In an accompanying editorial on the E1684 ECOG trial
In an accompanying editorial on the E1684 ECOG trial, Balch and Buzaid questioned the role of adjuvant IFN- alpha in a high risk for recurrence patient whose tumor is greater than 4.0 mm thick and lymph node examination is clinically negative. Although excluded from the ECOG eligibility criteria for the E1684 trial, these patients have a greater than 60% chance of harboring microscopic nodal metastases and therefore may benefit from adjuvant high-dose interferon therapy. Knowing the pathologic status of the regional nodes in patients with thick melanomas provides important prognostic information. Patients with thick melanomas who have negative nodes have a significantly better prognosis than those with positive nodes (58% to 71% versus 32% to 42%). The available data from the ECOG E1684 trial were derived from patients whose lymph node pathology was known. The benefit of this therapy was seen for patients who entered the trial with lymph node involvement by comparison with the small subgroup of patients with thick, lymph node negative tumors. These authors therefore recommended that patients with melanomas greater than 4.0 mm have a nodal staging procedure, preferably intraoperative lymphatic mapping and sentinel lymph node biopsy, since this is the least morbid approach. Extrapolation of the results of E1684 may be considered for patients with local recurrences, satellite lesions, or in-transit metastases. Important questions that remain to be answered are whether the high-dose intravenous induction is necessary (or may in fact be sufficient to obtain the benefit of the E1684 treatment) and whether more prolonged interferon administration would enhance the benefit. In addition, the question remains whether early IFN- alpha therapy (after microscopic nodal metastases are removed) is better than late adjuvant therapy (after grossly positive nodal disease is resected with a therapeutic node dissection).
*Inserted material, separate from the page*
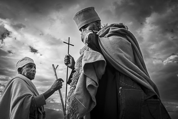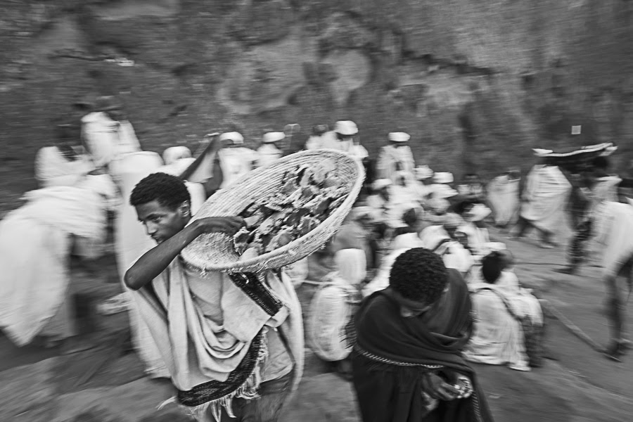 Kitcha, pani benedetti e Injera, un pane spugnoso e piatto, vengono offerti ai pellegrini nel giorno di Genna, il Natale copto.

Human growth hormone information
Only a small subset of patients who receive high-dose IFN- alpha2b therapy actually derived benefit from it. Serum markers of tumors may provide a key to the more selective application of adjuvant therapy. Tyrosinase (a key enzyme in melanin biosynthesis whose gene is actively expressed only in melanocytes, melanoma cells, and Schwann cells) may serve as a marker of early dissemination of disease to allow more selective use of adjuvant therapy in the future. Because melanocytes and melanoma cells do not usually circulate in the blood, the detection of tyrosinase mRNA by reverse transcriptase-polymerase chain reaction (RT-PCR) in blood is considered a potential indication of the presence of circulating melanoma cells. Patients who have a positive RT-PCR before starting therapy that subsequently becomes negative may be those who benefit from the therapy. Human Growth Hormone
The North Central Cancer Treatment Group (NCCTG 83-7052) evaluated the adjuvant role of IFN- alpha2a given at 20 MU/IM three times weekly for 3 months, versus observation in patients with 1.69-mm Breslow depth T3+ or T4, and N1 patients (subsets of AJCC stages IIA or IIB and III). An analysis of 260 evaluable patients who entered this trial demonstrates no significant prolongation of survival, or of relapse-free interval overall. Subset evaluation of patients in stage II as opposed to those in stage III participating in this trial reveals a potential impact in the latter, by Cox analysis.